Except it was BlackBerry Messenger.
Except no, it wasn’t. It was, of course, Grand Theft Auto.
According to today’s Evening Standard, one police constable has blamed the by-now-venerable game for the spread of deplorable violence and looting across London neighbourhoods over the weekend.
As dusk fell people were told to get off the streets for their own safety. “Go home, get a takeaway and watch anything that happens on TV,” one constable advised. “These are bad people who did this. Kids out of control. When I was young it was all Pacman and board games. Now they’re playing Grand Theft Auto and want to live it for themselves.”
Which raises two obvious points. 1) the policeman in question seems to think there were no riots in the 70s and 80s, and 2) He’s never heard that old joke about “If computer games really influenced people, children who grew up playing Pac-Man would have have spent the late 80s running around dark rooms in day-glo colours ingesting funny pills to a repetitive electronic soundtrack”.

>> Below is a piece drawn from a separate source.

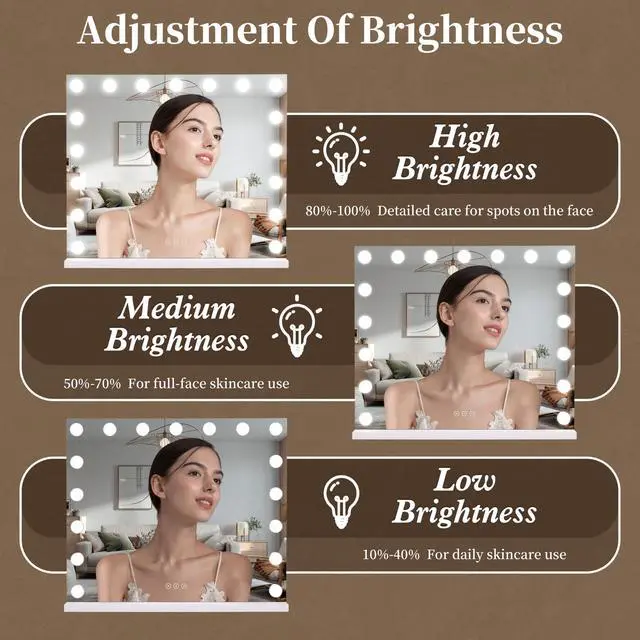 This makeup vanity mirror is an essential makeup tool for every bedroom. The frame is made of high-quality iron, which is built to last and more fashionable. It will help you complete your routine beauty perfectly, with adjustable brightness and 3 light colors! Even you're a newcomer to makeup, you can achieve flawless professional makeup with this mirror.

Does anyone even play GTA these days?
The blaming games thing has been around for years now (read this excellent 2007 piece by Tim Smith on the topic). It succeeded the “blame the video nasty” trend which reached its pinnacle with the Jamie Bulger murder and the media’s insistence that Child’s Play II had somehow played a part.
The interesting thing about this is that we must apparently always find a new technology at the heart of problems: VHS, games consoles, smartphones… all interactive rather than passive technologies.
The problem with the kids these days, it would seem, is they insist on making their own entertainment.